During the next few decades the Arctic will be strongly affected by many forces from within and outside the region including global climate change, cumulative impacts of resource development, native population increases, and tourists. The relatively simple and fragile ecosystems could be dramatically altered through changes to the vegetation, wetland destruction, and thawing of ice-rich permafrost. This could have important consequences to the wildlife resources and to the native peoples within the Arctic, as well as feedbacks to the global hydrological and atmospheric systems.
A new vegetation map would provide a common legend and language for ecosystems of the Arctic region. Such a map is needed for a wide variety of purposes related to anticipated global changes, land-use planning, and education.
Production of a new circumpolar Arctic vegetation map (CAVM) is now complete (http://www.geobotany.uaf.edu/cavm/) and portrays the distribution and boundaries of Arctic vegetation north of the Arctic treeline at a scale of approximately 1:7,500,000. The map and accompanying database was produced by a combined effort of scientists from six Arctic countries: Canada, Greenland, Iceland, Norway, Russia, and the United States.
Scope and goals of the CAVM project
The circumpolar Arctic vegetation mapping project will provide a variety of mapped vegetation information for the arctic tundra and polar desert region based on the most recent scientific understanding during the maps 10 year planning and compilation. The project was confined to the region north of the Arctic treeline because of its clear climatic and ecological boundaries, common political, cultural, and scientific issues that need to be addressed, and is considered to be a bellwether of effects of climate change. By limiting the project to the Arctic tundra region, the project has a clear focus, a relatively small and well-defined group of regional experts who will do the mapping, and relatively small area for which the mapping protocols and legends can be developed. The project produced three products at a scale of 1:7,500,000:
- A photo-quality cloud-free and snow-free false-color infrared satellite image of the circumpolar region derived from satellite imagery;
- A map of the relative vegetation greenness of the circumpolar region as portrayed by the maximum normalized difference vegetation index.
- A geobotanical database and derived maps of the circumpolar arctic tundra and polar desert region. The database consists of an integrated map coded with landscape and vegetation information as interpreted on an image base map. Terrain units were delineated on the basis of seven landscape factors: landscape unit, surficial geology, percentage cover of lakes, moisture status, depth of organic soil layers, soil texture, and soil chemistry. Vegetation information was coded according to six variables: phytogeographic zone, floristic sector, horizontal structure, dominant plant growth forms, dominant plant communities, and characteristic plant community.

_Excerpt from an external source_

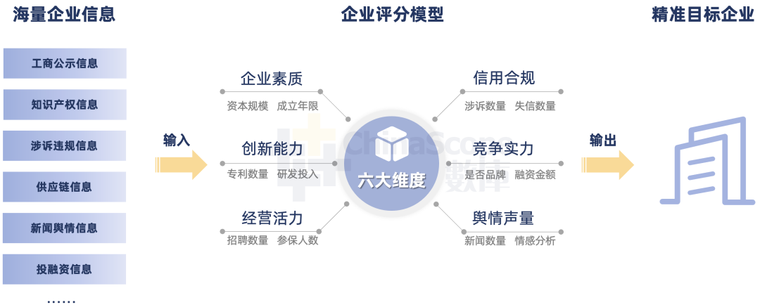 最后,在落地應(yīng)用上,為挖掘及培育具有潛力的潛在專(zhuān)精特新企業(yè),數(shù)庫(kù)科技對(duì)細(xì)分產(chǎn)業(yè)進(jìn)行景氣度評(píng)價(jià),在中觀(guān)上對(duì)產(chǎn)業(yè)進(jìn)行量化評(píng)價(jià)并篩選出優(yōu)質(zhì)企業(yè)。進(jìn)而,基于企業(yè)規(guī)模、穩(wěn)定、成長(zhǎng)、財(cái)稅、履約、創(chuàng)新六大維度100項(xiàng)指標(biāo),對(duì)目標(biāo)企業(yè)進(jìn)行多維度評(píng)估,綜合構(gòu)建企業(yè)評(píng)價(jià)模型。企業(yè)評(píng)分模型是一個(gè)預(yù)訓(xùn)練模型,在實(shí)際應(yīng)用過(guò)程中可以根據(jù)具體的評(píng)價(jià)側(cè)重點(diǎn)進(jìn)行動(dòng)態(tài)配置。例如,在企業(yè)初篩階段,可以負(fù)面指標(biāo)作為訓(xùn)練目標(biāo),剔除不具潛力的企業(yè)。在精選階段,可與現(xiàn)有專(zhuān)精特新企業(yè)的特征構(gòu)建AutoEncoder模型,篩選出精選企業(yè)。
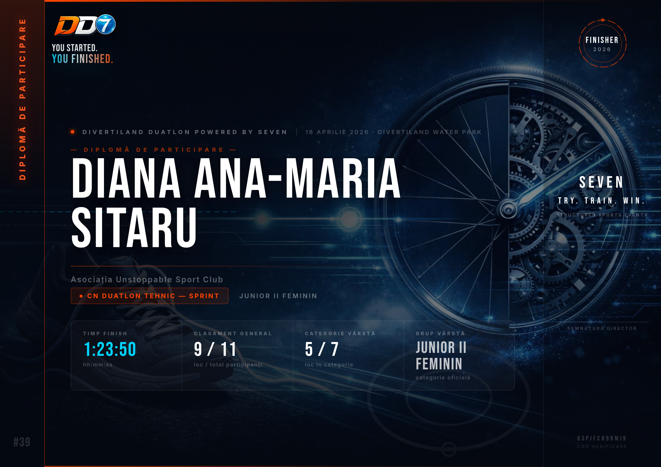 | 5 | 39 | Diana Ana-Maria Sitaru | Junior II Feminin | CN Duatlon Tehnic - Sprint | F | 0:12:01 | 0:00:50 | 0:22:07 | 0:00:48 | 0:14:41 | 0:00:57 | 0:23:08 | 0:09:20 | 1:23:50 | 📜 |

The overall CAVM Project Coordinator was Donald A. (Skip) Walker, Institute of Arctic Biology, University of Alaska Fairbanks, Fairbanks, Alaska. The Fish and Wildlife Service had the lead for the North American continental synthesis. Funding support for this synthesis has been received from the Bureau of Land Management (Alaska State Office) and the U.S. Fish and Wildlife Service, Anchorage, Alaska; these funds were matched by the U.S. Geological Survey's Alaska Science Center, Anchorage, Alaska.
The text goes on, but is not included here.